Ex-airline manager in U.S. accused of smuggling for Chinese military

JFK airport aerial view
A former manager for an international airline is alleged to have smuggled packages for the Chinese military onto flights from JFK airport in New York.

In exchange for discounted liquor and consumer electronics, a former manager for an international airline smuggled packages out of the U.S. for Chinese military officers, prosecutors say.

Ying Lin is accused of using her job at the airline to place the packages on flights to China out of New York's JFK airport, federal prosecutors said in a statement Wednesday.

"The defendant repeatedly acted in direct contravention of rules and regulations providing for the safety of flights in the United States in order to reap personal benefit," said Robert Capers, U.S. Attorney for the Eastern District of New York.

It's the latest case of a person linked to China being accused of breaking U.S. laws to get items across American borders illicitly.

The prosecutors' statement didn't identify the airline Lin had worked for, but the Wall Street Journal reported it was Air China, the country's flag carrier. Air China and the Chinese Ministry of Foreign Affairs didn't respond to requests for comment Thursday.

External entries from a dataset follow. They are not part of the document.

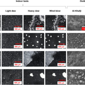 Laboratory and outdoor soiling experiments conducted in Saudi Arabia have shown that increased particle resuspension by wind is one of the dominant factors for high anti-soiling performance in photovoltaic glass.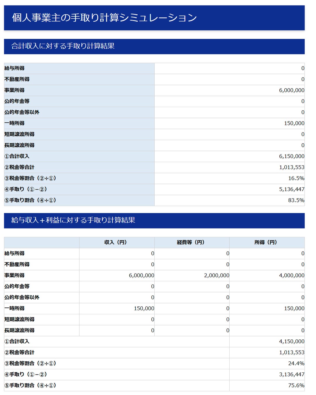 以下のとおり、税額や手取りなどのシュミレーション結果が表示されます。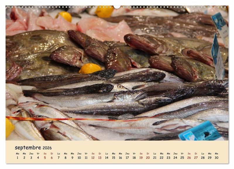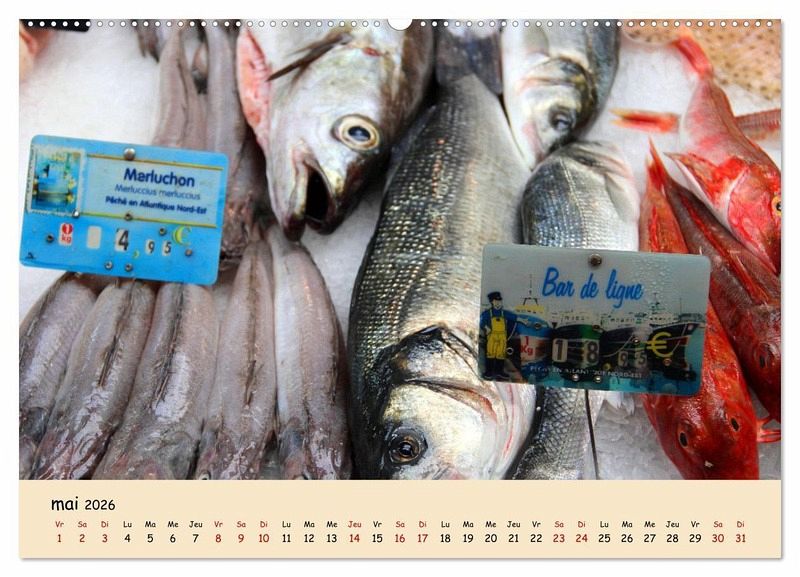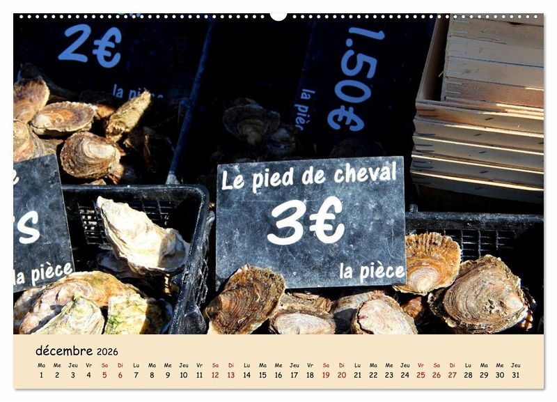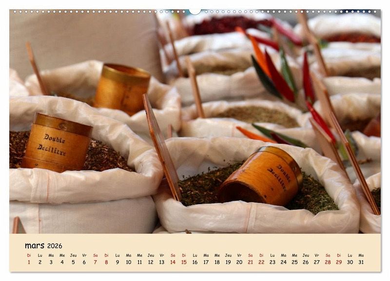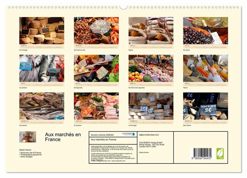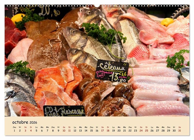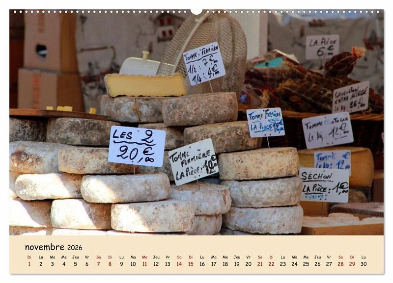 Mon calendrier contient des photos prises lors de mes visites sur les marchés hebdomadaires en France. Il existe de nombreux produits qui reflètent la cuisine et le savoir-vivre français.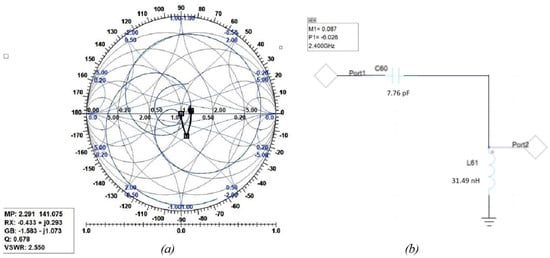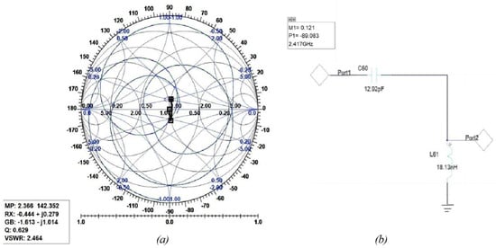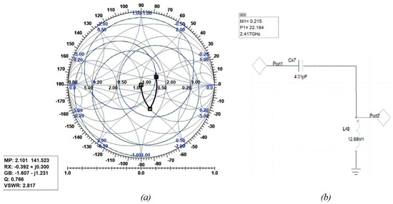 The following figures show the graphical implementation of impedance matching by the Smith tool and its equivalent LC circuit with values of components toward 2.4 GHz where the trace was found. Figure 18 shows the Smith tool (a) and circuit (b) for the first assumption of the two-C-shape antenna. Figure 19 shows the Smith tool (a) and circuit (b) for the second assumption of the two-C-shape antenna. Finally, Figure 20 shows the F-shaped antenna’s Smith and impedance-matching circuit.
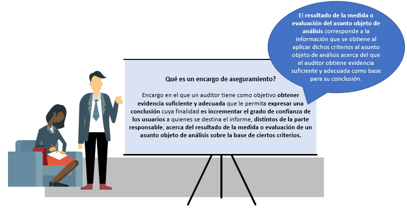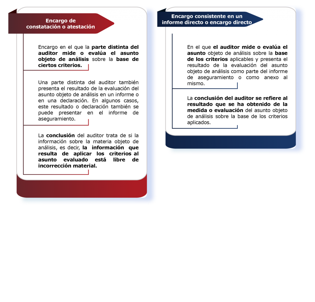 Existen dos tipos de encargos de aseguramiento: 1) encargo de constatación o atestación y 2) encargo consistente en un informe directo o encargo directo, cuya distinción depende de quién mide o evalúa la materia subyacente objeto de análisis, es decir, el tema que se mide o evalúa mediante la aplicación de ciertos criterios. Por otro lado, dependiendo del encargo a desarrollar existen dos niveles de aseguramiento, que son de seguridad razonable o seguridad limitada.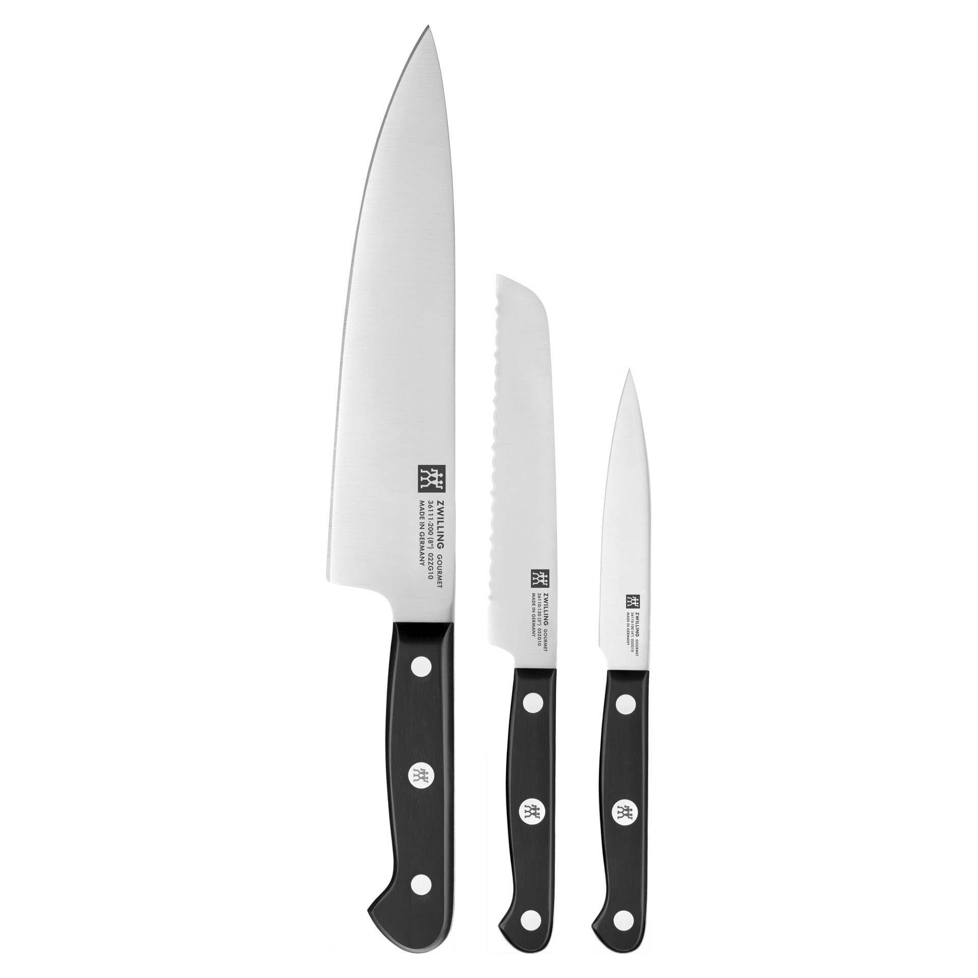 The ZWILLING Gourmet is the knife of choice for amateur chefs who want to make their everyday knife exceptional. Featuring a traditional triple-riveted design with a sturdy, balanced feel in the hand, this 3-piece set of essential kitchen workhorses designed for slicing, chopping and dicing is well engineered, reliable and built for long-lasting use.

Related: Why China wants U.S. military jet engines

Lin, a 46-year-old resident of Queens, is alleged to have received packages from military officers at China's mission to the United Nations in New York, and from other employees at the Chinese consulate in New York. Prosecutors didn't say what the packages contained.

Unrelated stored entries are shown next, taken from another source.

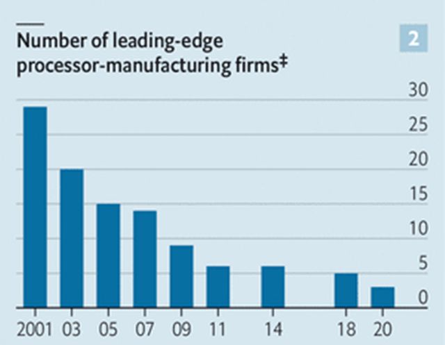 如果不是因為在產業鏈另一端——那些將設計轉化為蝕刻在硅片上的電子電路的芯片工廠正在發生的事情,這一切對每個人來說都應該是好消息。追趕技術發展導致的成本不斷膨脹,意味著芯片設計雖然百家爭鳴,具有實際生產能力的芯片制造企業數量卻在不斷萎縮(見圖2)。世界上只有三家公司能夠制造高端處理器:英特爾、臺積電和韓國三星。美國半導體工業協會估計,目前全球 80% 的芯片制造產能在亞洲。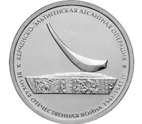 В центре монеты изображён памятник героям Эльтигена «Парус». Керченско-Эльтигенская десантная операция – совместная операция войск Северо-Кавказского фронта, Черноморского флота и Азовской военной флотилии, проводившаяся 31 октября – 11 декабря 1943 года. Она была необходима, чтобы завладеть Керченским полуостровом и создать там плацдарм для дальнейшего наступления советских войск.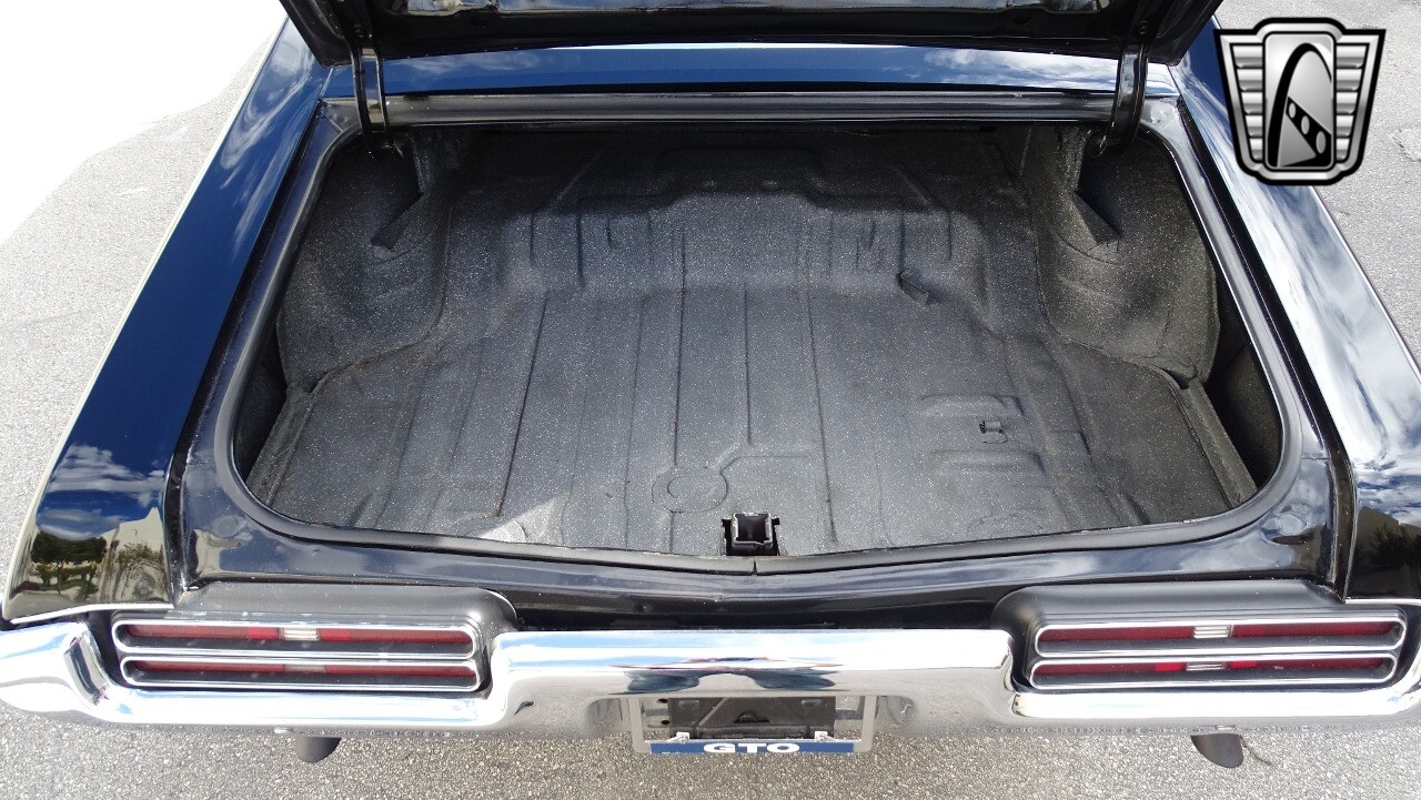 Every angle of this GTO is simply stunning. The black exterior is just meant for this car. It's sleek, it's menacing, it's a beauty. The interior is all black as well, with nice wooden dash panels. Both the front and back vinyl seats are super comfy and roomy. Hardly any ware on the interior, everything has been kept in great shape. Under the hood we have a 400 CID V8 motor. The engine bay is clean and simple. And it runs and sounds just how a GTO should. Paired to a 4-speed manual transmission. Bring this awesome '69 GTO home and you'll have everyone on the road breaking their necks just to get a glimpse..

She has been charged with smuggling, obstruction of justice and wire fraud. CNNMoney wasn't immediately able to reach her representatives for comment on the charges.

Prosecutors said Lin continued to smuggle packages onto flights even after an initial arrest in August 2015. She worked as counter agent for the airline at JFK and later as a station chief at Newark airport.

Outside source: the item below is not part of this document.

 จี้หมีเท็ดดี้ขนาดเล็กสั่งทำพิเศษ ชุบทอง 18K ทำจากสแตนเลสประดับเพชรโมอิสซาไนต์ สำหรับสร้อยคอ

The perks she is alleged to have received include "discounted liquor purchased from diplomatic duty-free shops and tax-exempt purchases of electronic devices, as well as free contracting work at her personal residence" by Chinese government workers. She's also accused of helping a Chinese citizen she believed was being investigated by the U.S. escape to China on a flight from JFK.

In June, a woman was convicted in a Florida court of conspiring to evade U.S. export laws by illegally acquiring and sending fighter jet engines and drones to China. And in January, a Chinese man pleaded guilty to stealing valuable seeds from fields in Iowa with the aim of transporting them to China.